[Start of Attachment]

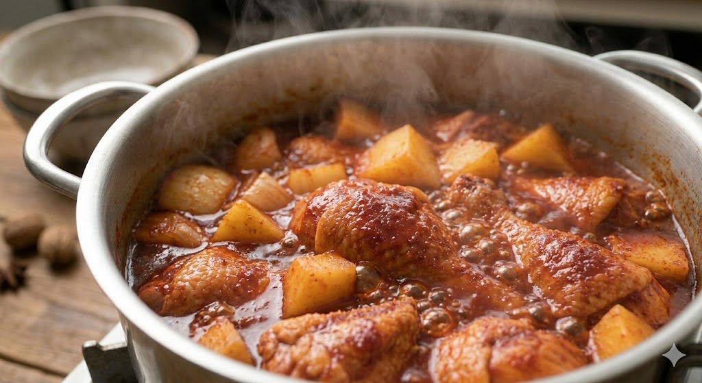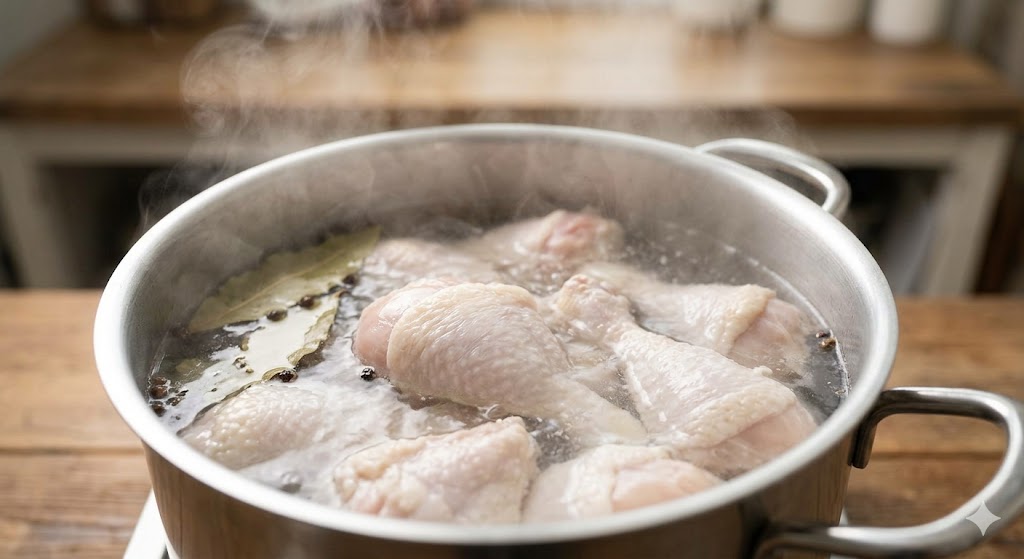 설탕의 중요성: 데친 닭을 냄비에 담고 물을 부은 뒤, 설탕을 먼저 넣어 끓입니다. 이는 설탕의 입자가 고기 속까지 침투하여 육질을 부드럽게 만들고 단맛이 깊게 배게 하는 중요한 단계입니다.
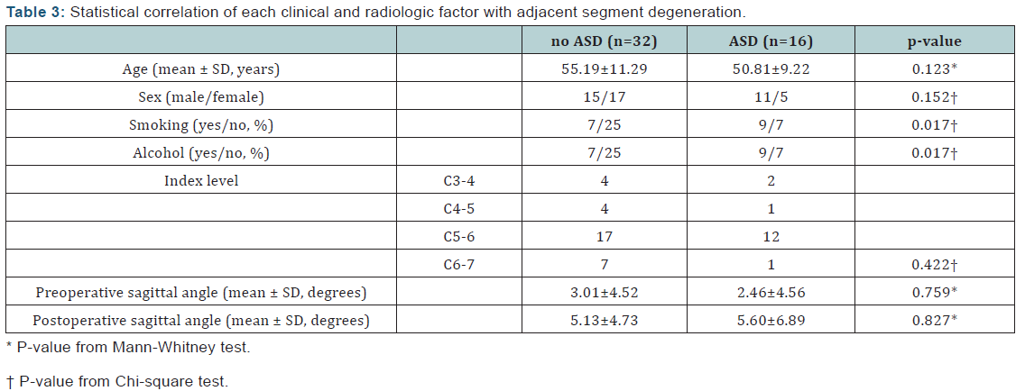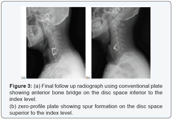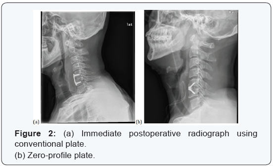 How to cite this article: Jae-Sung A , Ho-Jin L Eugene J P, Ho-Seok L. Adjacent Segment Disease after Anterior Cervical Inter body Fusion using Conventional Plate versus Zero-Profile Implant - A Preliminary Report. Ortho & Rheum Open Access J. 2016; 3(1): 555603. DOI: DOI: 10.19080/OROAJ.2016.03.555603
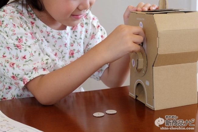 キャンディをセットして、コインを入れて、くるっと回すと、下のスライダーからキャンディが出てきた。娘は蓋の中を覗いて、キャンディが出てきた仕組みに興味深々。単純な仕組みなので説明も簡単で、親子で生み出した新しいおもちゃに、娘も記者も大満足だった。
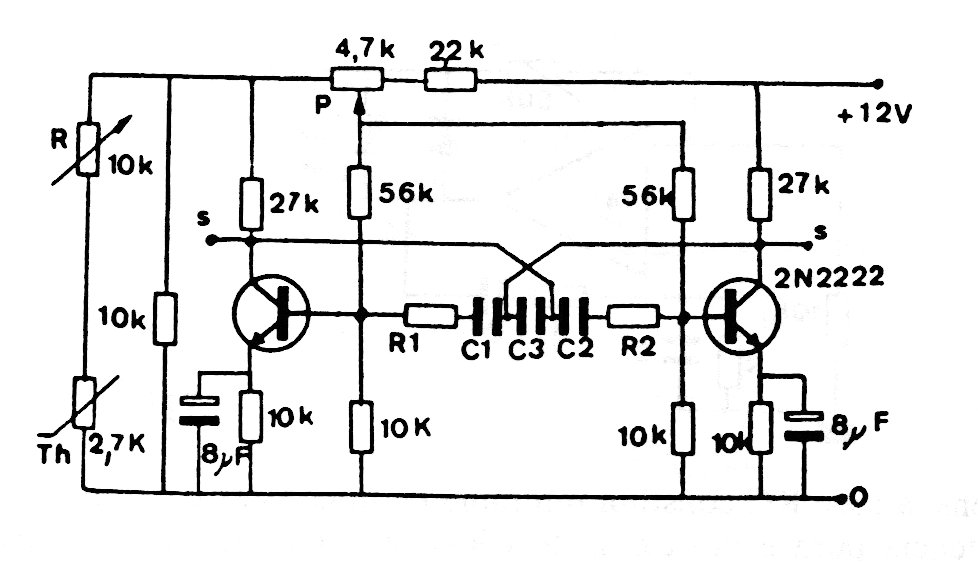 This astable was found in a European technical documentation from the 80's. The perfectly symmetrical unsaturated circuit has a generated frequency that depends on the capacitors C and the R setting. operation.
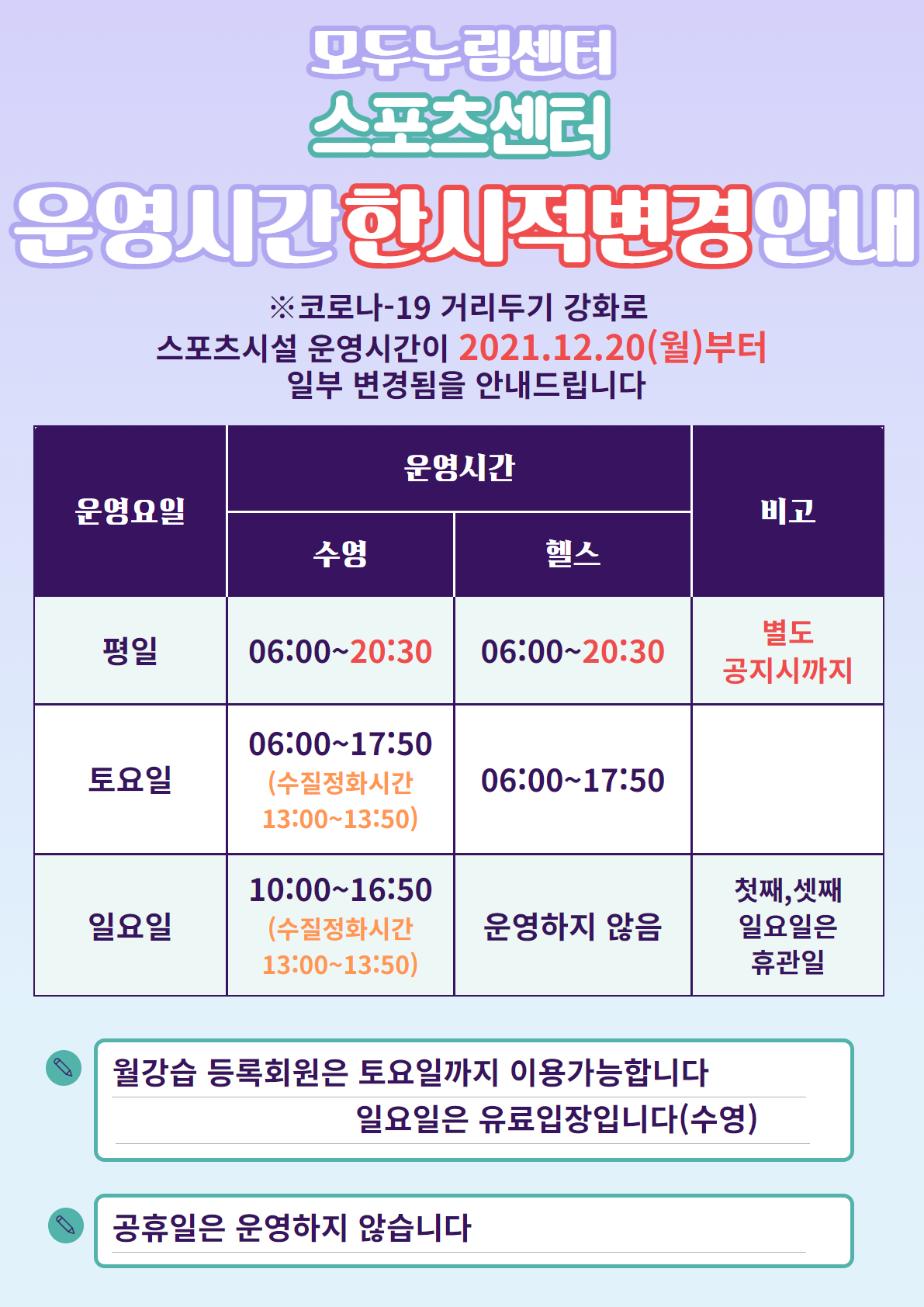 모두누림 스포츠센터 운영시간 한시적 변경안내
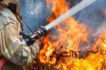 Officials say a firefighter was injured battling a lightning-sparked wildfire that jumped a highway as it charred rangeland in northeastern Nevada.
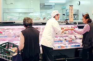 商品特徴をスタッフが店内説明して市場のようなにぎわいを出した
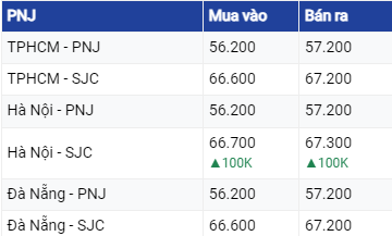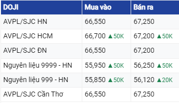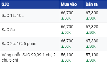 Tại Hà Nội và Đà Nẵng, giá vàng SJC giao dịch mua - bán trong khoảng 66,7 – 67,32 triệu đồng/lượng. Các thị trường trên đều tăng 50.000 đồng/lượng chiều mua và chiều bán ra so với chốt phiên trước. Chênh lệch mua – bán thu hẹp về 600.000 đồng/lượng. So với giá mở cửa phiên sáng qua, các thị trường trên đã tăng 100.000 đồng/lượng.
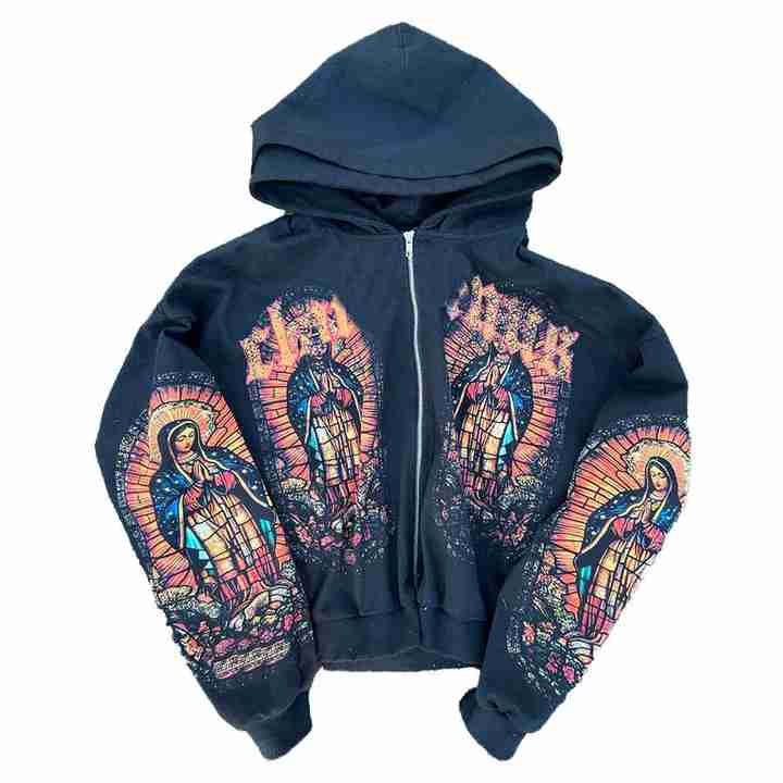 Oem Men 3d Print Full Zip Hoodie Custom Logo Embroidery French Terry Heavyweight Oversized 360gsm Full Zip up Hoodies
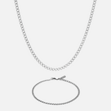 Elevate your look effortlessly with the Silver Cuban Chain Bundle. A versatile addition to your accessories collection, these chains are perfect for layering or wearing solo.

[End of Attachment]

» Aim of the task:
The lines above starting at the one that holds "This astable was" and ending at the one that holds "Oem Men 3d Print" are to be written out exactly, ends included, and no pictures are to be copied.

» Answer space:
 This astable was found in a European technical documentation from the 80's. The perfectly symmetrical unsaturated circuit has a generated frequency that depends on the capacitors C and the R setting. operation.
 모두누림 스포츠센터 운영시간 한시적 변경안내
 Officials say a firefighter was injured battling a lightning-sparked wildfire that jumped a highway as it charred rangeland in northeastern Nevada.
 商品特徴をスタッフが店内説明して市場のようなにぎわいを出した
 Tại Hà Nội và Đà Nẵng, giá vàng SJC giao dịch mua - bán trong khoảng 66,7 – 67,32 triệu đồng/lượng. Các thị trường trên đều tăng 50.000 đồng/lượng chiều mua và chiều bán ra so với chốt phiên trước. Chênh lệch mua – bán thu hẹp về 600.000 đồng/lượng. So với giá mở cửa phiên sáng qua, các thị trường trên đã tăng 100.000 đồng/lượng.
 Oem Men 3d Print Full Zip Hoodie Custom Logo Embroidery French Terry Heavyweight Oversized 360gsm Full Zip up Hoodies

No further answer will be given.